All pre and post processing was performed in PixInsight. Pre-processing: Blink & WBPP. Linear Post-processing: GraXpert, BXT (correct only), Color Calibration, BXT, NXT, & Histogram Transformation. Non-linear Post Processing: SXT. Stars: Curves (saturation) and SCNR. Starless: Curves (contrast & saturation), SCNR, LHE (3x's), Unsharp Mask, MMT, and PixelMath (to screen the stars back in).

Magnitude Estimate:

Disclaimer: I'm not an experienced variable star observer. There is a decent probability that the following methodology is flawed.

The BAA had our monthly meeting for February on 2/9/2024. After the meeting, I joined the Astrophotography breakout room, and we discussed estimating the magnitude of the supernova from the images we collected on 2/4/2024. This ended up as a fun activity for the small group of us left in the meeting. Since imaging supernova SN2023ixf in M101 in May of 2023, I've made an effort to try to learn how to estimate the magnitude of the supernova from my images. I recently joined the AAVSO and managed to cobble together and idea on how to estimate the magnitude of the supernova from stars with known magnitudes in the same field of view. The manner in which we captured images was optimized for "pretty pictures" not photometry, but the value we ended up with is pretty close to other reported values of the supernova from the same date. 

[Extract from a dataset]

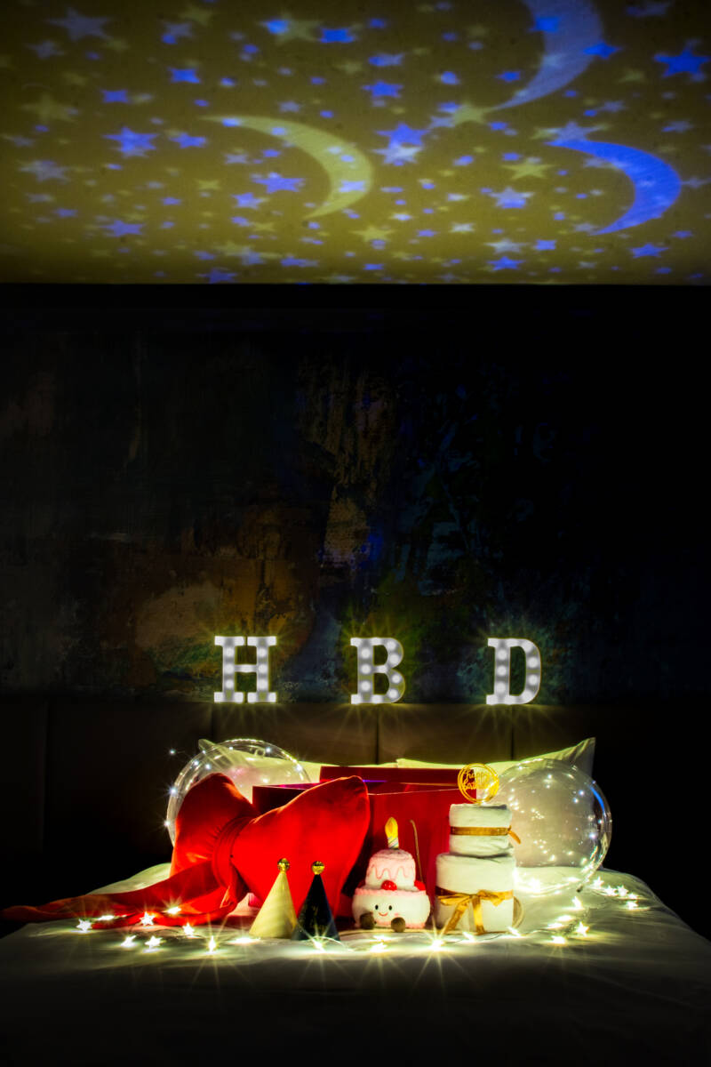 - 房內專屬佈置:H、B、D字母燈、氣氛燈串、驚喜禮物盒組(含投影氣氛燈與蝴蝶結抱枕)、毛巾蛋糕捲、生日蛋糕玩偶

One of the other members generated a star chart from the AAVSO website. This chart depicted stars in the field of view, of which several were labeled with known magnitudes. It took some trial and error to the chart correct so it matched the field of view of our image. The first chart was off, we had used RA & Dec coordinates from Sky Safari. When we used RA & Dec coordinates from The Sky X, it finally matched the image. We think the difference may be the epoch used by each software (J2000 vs. Jnow). We visually estimated the brightness to be somewhere between 13 and 15th magnitude. Another member pulled a light curve from the AAVSO website. This light curve was compiled from member reports and indicated that the magnitude was around 13.5. We identified a star in the field with a known magnitude of 13.1. I took one of the calibrated and debayered individual sub exposures and extracted the RGB channels in PixInsight. The image was still linear, only a display or screen stretch was applied. Using the green channel, we measured the flux of the known star and the supernova using PixInsight's Dynamic PSF process. We put the resulting values into this formula:

Mag(supernova) = Mag (star) - 2.5Log(FluxSN/FluxStar)

We came up with a magnitude of 13.4 which closely matches reported values!!!! 

What is it?

SN 2024gy is a Type 1A Supernova in the Galaxy NGC 4216. It was discovered on 1/4/2024 by Japanese astronomer Koichi Itagaki. Type 1A supernovae occur when a White Dwarf syphons material from another star that it is in a binary pair with. Once the White Dwarf reaches 1.4 times the mass of the Sun, it goes Supernova. This type of Supernova is used as a standard candle and is important in determining the distance to objects in the universe.

Annotated image of the field of view.

How far is it?

It is located about 45 million light-years (ly) from Earth in the Constellation Virgo.

How to find it?

SN  2024gy is located in the Galaxy NGC 4216 which is located in the Constellation Virgo. Refer to the Finder Chart below. The tiny red rectangle in the center of the image marks the position of NGC 4216. It is very near M86, in the bowl of Virgo.

Finder Chart for NGC 4216. 

Image Details:

Capture Date: 02/04/2024

Location: Beaver Meadow Observatory (North Java, NY)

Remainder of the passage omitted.